___ Supplied records

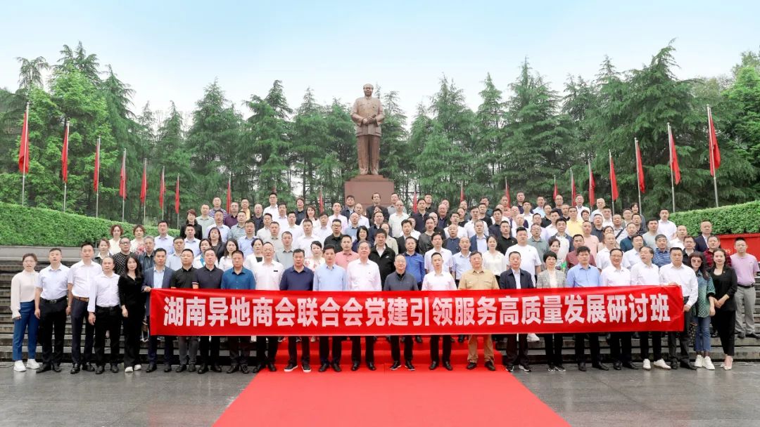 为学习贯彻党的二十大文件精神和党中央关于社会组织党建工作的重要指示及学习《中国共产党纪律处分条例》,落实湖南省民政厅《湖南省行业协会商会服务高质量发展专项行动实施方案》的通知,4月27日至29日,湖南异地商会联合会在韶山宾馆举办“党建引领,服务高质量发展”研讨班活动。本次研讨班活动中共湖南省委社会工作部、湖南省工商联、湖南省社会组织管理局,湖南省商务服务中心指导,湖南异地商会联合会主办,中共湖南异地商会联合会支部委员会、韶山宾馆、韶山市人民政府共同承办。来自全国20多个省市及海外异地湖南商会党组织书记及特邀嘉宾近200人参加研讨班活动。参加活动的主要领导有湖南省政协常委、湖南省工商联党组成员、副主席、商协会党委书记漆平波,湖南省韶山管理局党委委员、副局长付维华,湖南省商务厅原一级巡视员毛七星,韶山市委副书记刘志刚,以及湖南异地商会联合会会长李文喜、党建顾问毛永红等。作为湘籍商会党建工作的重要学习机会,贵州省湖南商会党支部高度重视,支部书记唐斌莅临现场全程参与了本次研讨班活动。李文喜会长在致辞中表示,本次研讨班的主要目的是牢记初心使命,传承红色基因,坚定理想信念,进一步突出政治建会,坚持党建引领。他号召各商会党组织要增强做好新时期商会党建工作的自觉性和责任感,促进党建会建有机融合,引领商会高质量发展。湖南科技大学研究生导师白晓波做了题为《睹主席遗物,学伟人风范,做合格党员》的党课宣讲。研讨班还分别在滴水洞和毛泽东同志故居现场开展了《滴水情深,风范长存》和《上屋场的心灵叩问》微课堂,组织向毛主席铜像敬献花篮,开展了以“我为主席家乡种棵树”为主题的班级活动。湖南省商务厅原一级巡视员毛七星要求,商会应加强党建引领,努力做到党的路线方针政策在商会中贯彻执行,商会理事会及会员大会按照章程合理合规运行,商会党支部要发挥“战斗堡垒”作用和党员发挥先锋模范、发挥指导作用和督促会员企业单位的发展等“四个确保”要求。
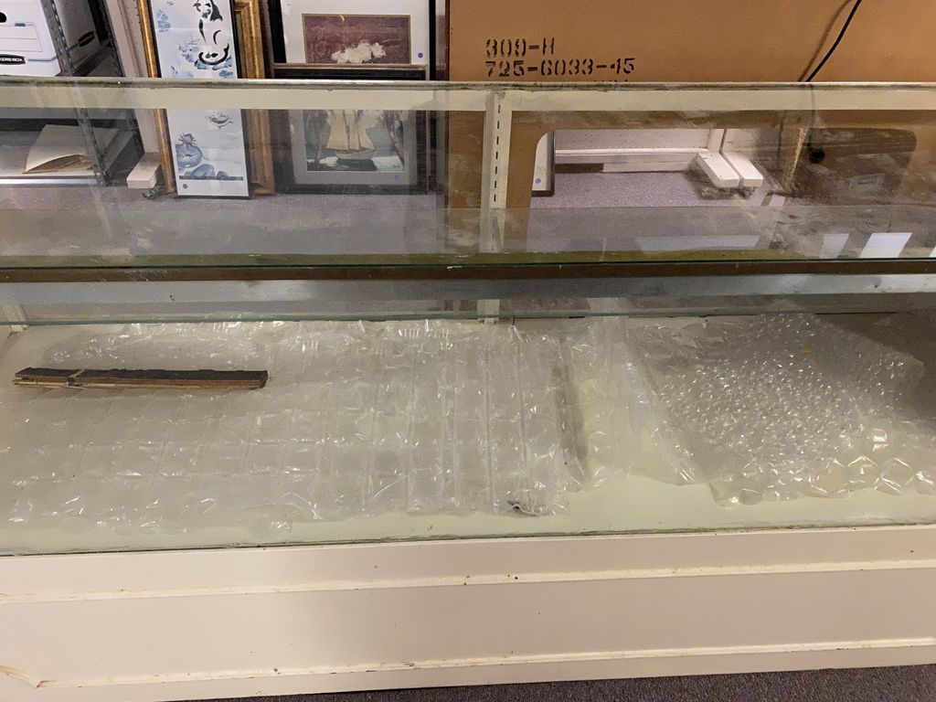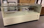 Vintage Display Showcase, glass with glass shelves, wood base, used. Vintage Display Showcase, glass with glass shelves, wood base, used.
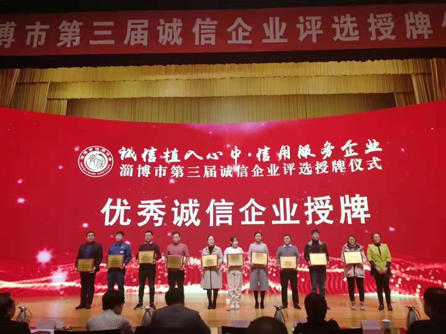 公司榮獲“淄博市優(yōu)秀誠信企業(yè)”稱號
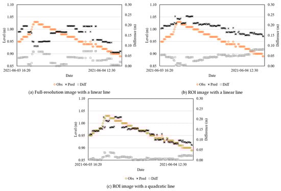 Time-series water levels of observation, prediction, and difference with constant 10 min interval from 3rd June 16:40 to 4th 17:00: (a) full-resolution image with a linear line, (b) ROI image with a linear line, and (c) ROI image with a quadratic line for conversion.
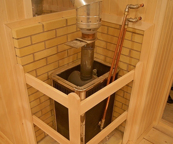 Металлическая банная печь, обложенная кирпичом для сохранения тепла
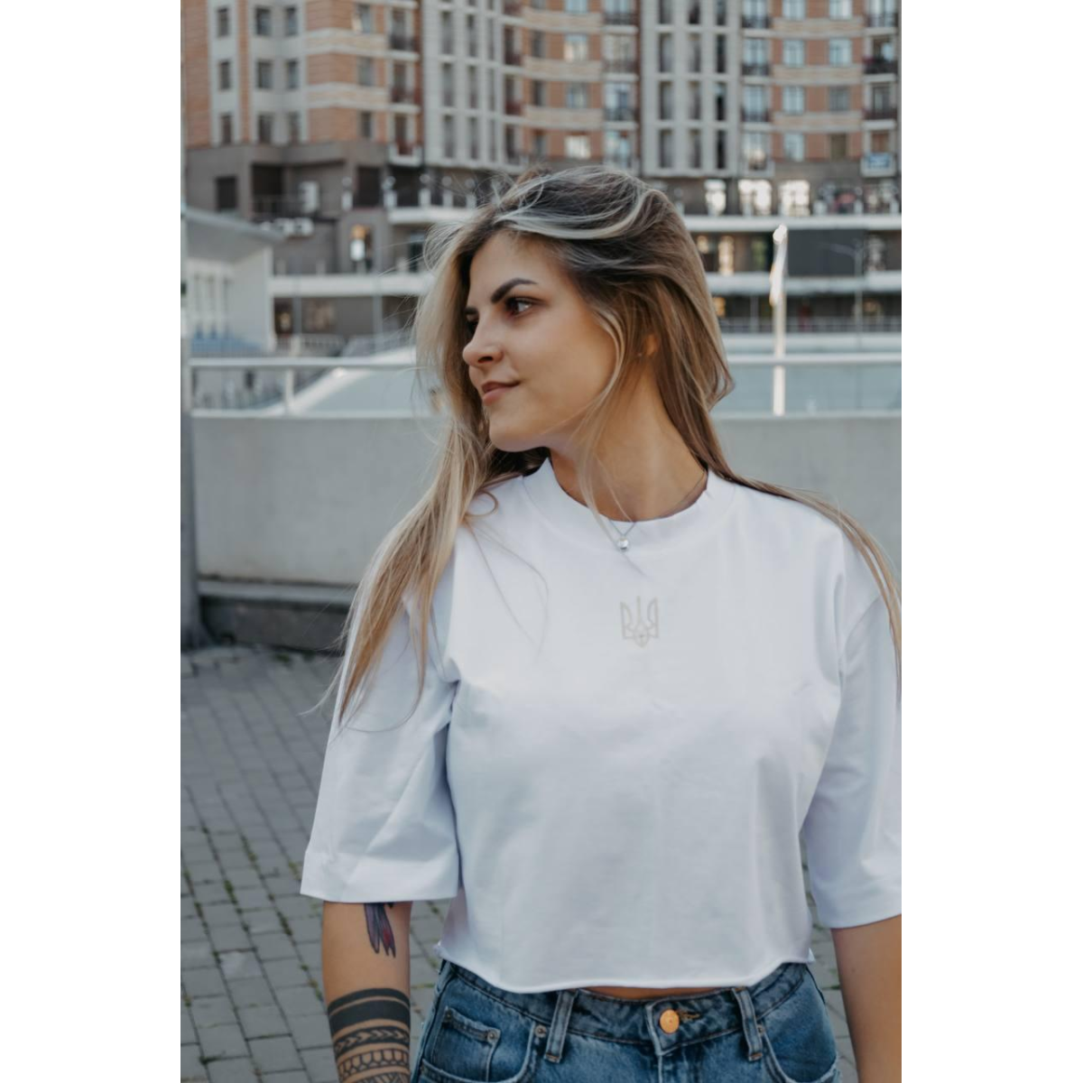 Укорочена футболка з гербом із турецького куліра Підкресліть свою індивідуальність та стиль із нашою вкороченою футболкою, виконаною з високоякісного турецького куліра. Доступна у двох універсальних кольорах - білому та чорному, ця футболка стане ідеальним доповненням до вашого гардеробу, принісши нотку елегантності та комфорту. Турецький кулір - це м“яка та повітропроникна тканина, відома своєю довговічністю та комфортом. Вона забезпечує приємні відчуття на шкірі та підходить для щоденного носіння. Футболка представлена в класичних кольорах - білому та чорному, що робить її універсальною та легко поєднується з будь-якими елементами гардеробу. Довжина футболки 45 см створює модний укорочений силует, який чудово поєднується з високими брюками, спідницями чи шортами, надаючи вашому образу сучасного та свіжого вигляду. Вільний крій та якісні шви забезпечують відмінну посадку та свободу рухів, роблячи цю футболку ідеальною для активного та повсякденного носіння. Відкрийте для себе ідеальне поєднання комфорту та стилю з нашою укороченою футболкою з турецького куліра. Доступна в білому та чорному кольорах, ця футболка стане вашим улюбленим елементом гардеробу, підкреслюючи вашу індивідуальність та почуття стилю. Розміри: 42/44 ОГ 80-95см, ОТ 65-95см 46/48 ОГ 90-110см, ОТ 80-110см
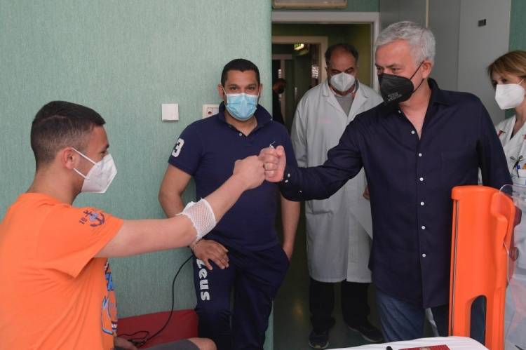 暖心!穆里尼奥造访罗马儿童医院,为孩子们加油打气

______

> [Task details] Would you write each entry out again exactly, omitting the images?

> [Exercise solution]
 为学习贯彻党的二十大文件精神和党中央关于社会组织党建工作的重要指示及学习《中国共产党纪律处分条例》,落实湖南省民政厅《湖南省行业协会商会服务高质量发展专项行动实施方案》的通知,4月27日至29日,湖南异地商会联合会在韶山宾馆举办“党建引领,服务高质量发展”研讨班活动。本次研讨班活动中共湖南省委社会工作部、湖南省工商联、湖南省社会组织管理局,湖南省商务服务中心指导,湖南异地商会联合会主办,中共湖南异地商会联合会支部委员会、韶山宾馆、韶山市人民政府共同承办。来自全国20多个省市及海外异地湖南商会党组织书记及特邀嘉宾近200人参加研讨班活动。参加活动的主要领导有湖南省政协常委、湖南省工商联党组成员、副主席、商协会党委书记漆平波,湖南省韶山管理局党委委员、副局长付维华,湖南省商务厅原一级巡视员毛七星,韶山市委副书记刘志刚,以及湖南异地商会联合会会长李文喜、党建顾问毛永红等。作为湘籍商会党建工作的重要学习机会,贵州省湖南商会党支部高度重视,支部书记唐斌莅临现场全程参与了本次研讨班活动。李文喜会长在致辞中表示,本次研讨班的主要目的是牢记初心使命,传承红色基因,坚定理想信念,进一步突出政治建会,坚持党建引领。他号召各商会党组织要增强做好新时期商会党建工作的自觉性和责任感,促进党建会建有机融合,引领商会高质量发展。湖南科技大学研究生导师白晓波做了题为《睹主席遗物,学伟人风范,做合格党员》的党课宣讲。研讨班还分别在滴水洞和毛泽东同志故居现场开展了《滴水情深,风范长存》和《上屋场的心灵叩问》微课堂,组织向毛主席铜像敬献花篮,开展了以“我为主席家乡种棵树”为主题的班级活动。湖南省商务厅原一级巡视员毛七星要求,商会应加强党建引领,努力做到党的路线方针政策在商会中贯彻执行,商会理事会及会员大会按照章程合理合规运行,商会党支部要发挥“战斗堡垒”作用和党员发挥先锋模范、发挥指导作用和督促会员企业单位的发展等“四个确保”要求。
 Vintage Display Showcase, glass with glass shelves, wood base, used. Vintage Display Showcase, glass with glass shelves, wood base, used.
 公司榮獲“淄博市優(yōu)秀誠信企業(yè)”稱號
 Time-series water levels of observation, prediction, and difference with constant 10 min interval from 3rd June 16:40 to 4th 17:00: (a) full-resolution image with a linear line, (b) ROI image with a linear line, and (c) ROI image with a quadratic line for conversion.
 Металлическая банная печь, обложенная кирпичом для сохранения тепла
 Укорочена футболка з гербом із турецького куліра Підкресліть свою індивідуальність та стиль із нашою вкороченою футболкою, виконаною з високоякісного турецького куліра. Доступна у двох універсальних кольорах - білому та чорному, ця футболка стане ідеальним доповненням до вашого гардеробу, принісши нотку елегантності та комфорту. Турецький кулір - це м“яка та повітропроникна тканина, відома своєю довговічністю та комфортом. Вона забезпечує приємні відчуття на шкірі та підходить для щоденного носіння. Футболка представлена в класичних кольорах - білому та чорному, що робить її універсальною та легко поєднується з будь-якими елементами гардеробу. Довжина футболки 45 см створює модний укорочений силует, який чудово поєднується з високими брюками, спідницями чи шортами, надаючи вашому образу сучасного та свіжого вигляду. Вільний крій та якісні шви забезпечують відмінну посадку та свободу рухів, роблячи цю футболку ідеальною для активного та повсякденного носіння. Відкрийте для себе ідеальне поєднання комфорту та стилю з нашою укороченою футболкою з турецького куліра. Доступна в білому та чорному кольорах, ця футболка стане вашим улюбленим елементом гардеробу, підкреслюючи вашу індивідуальність та почуття стилю. Розміри: 42/44 ОГ 80-95см, ОТ 65-95см 46/48 ОГ 90-110см, ОТ 80-110см
 暖心!穆里尼奥造访罗马儿童医院,为孩子们加油打气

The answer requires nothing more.